A mock trial, in which ISPs were sued for damage done by a zombie network to a few fictitious companies’ business and financial interests, found that a jury of IT professionals overwhelmingly held the opinion that the ISPs were not responsible for the damage flowing from their networks via the zombied machines.
The mock trial was hosted by the Gartner Group during its Gartner IT Security Summit in Washington D.C..

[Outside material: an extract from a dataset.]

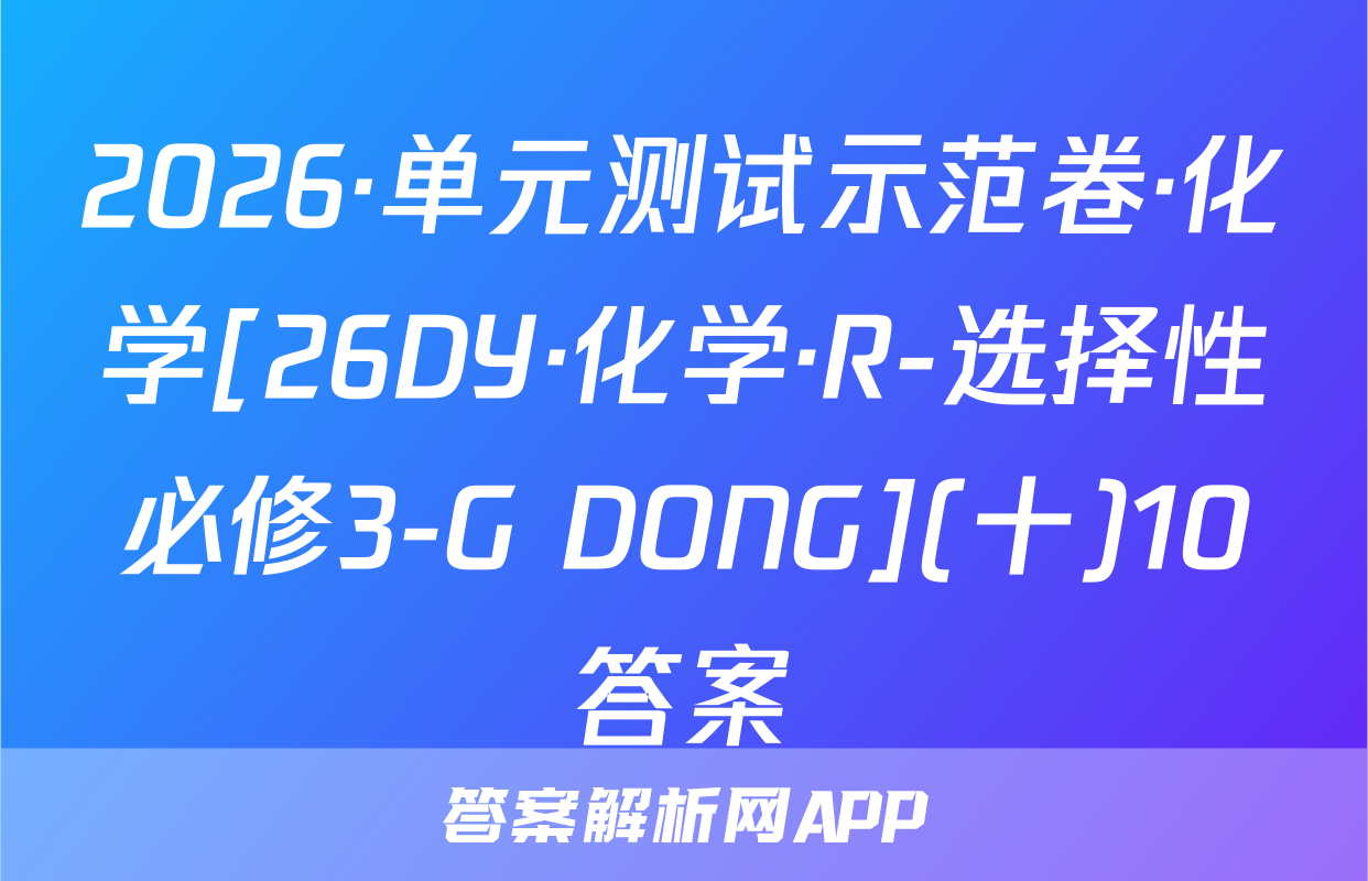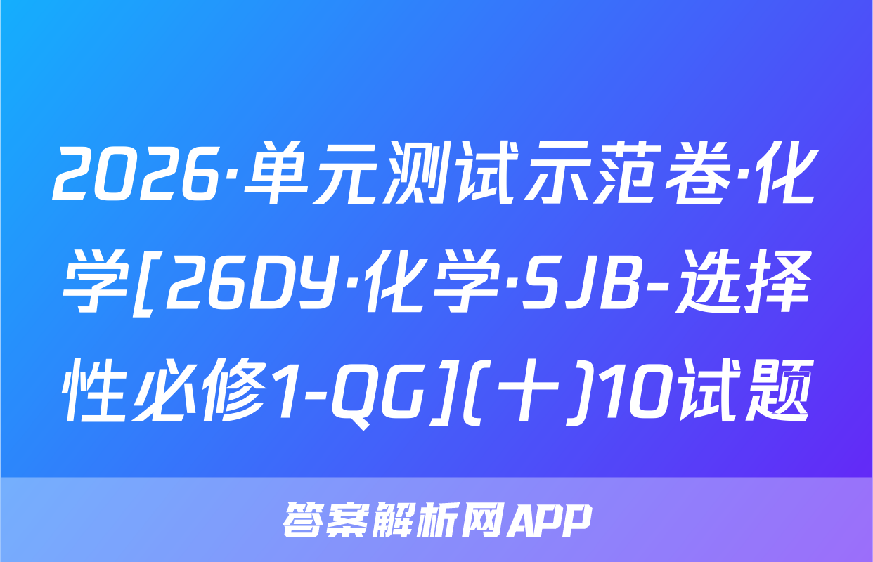 2026·卷行天下·周测卷·化学[26ZC·化学·R-选择性必修1-SD](十)10答案
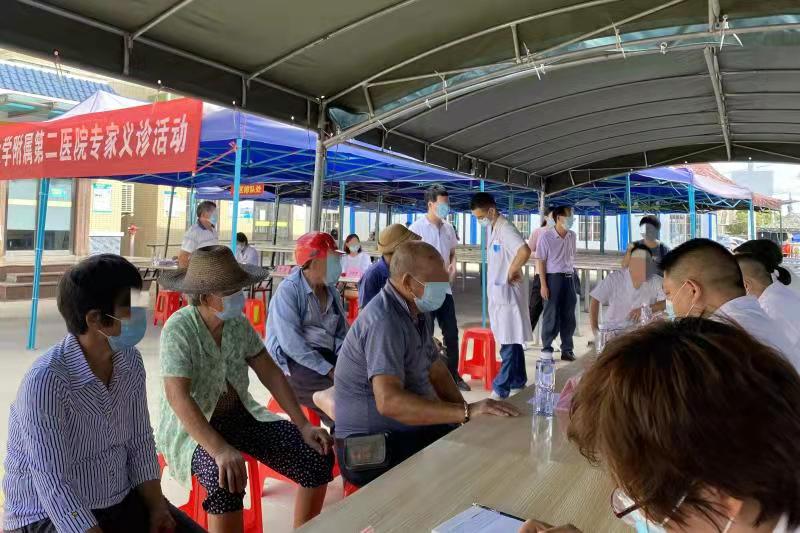 揭牌仪式后还举行了专家义诊活动,来自ac米兰附二院呼吸与危重症医学科、心血管内科、消化内科、内分泌科、创伤骨科、产科、康复医学科等学科的专家、博士名医团队现场为当地人民群众义诊。

An electronic poll taken at the end of the “trial” showed that while 71% the hundreds of IT professionals present felt that zombies and the botnets which control them are a serious problem for businesses, only 30% felt that the “plaintiff” businesses had an actual case. Fifty-four percent bought the ISPs’ position that it would be an impermissible violation of their customers’ privacy to check their computers for signs of having been zombied, and that it would be nearly impossible for an ISP to distinguish between legitimate traffic and that coming from a zombied machine such as a spam run or denial of service attack.
[The other sixteen percent voted for the NOTA candidate, Michael Jackson.]
Explained Gartner cybersecurity analyst Rich Mogull, on behalf of the ISPs, “Suing us is like suing the telephone company for a bomb threat because they allowed it to be called in. There has to be an attacker someplace, and it doesn’t seem like they’re suing the attackers.”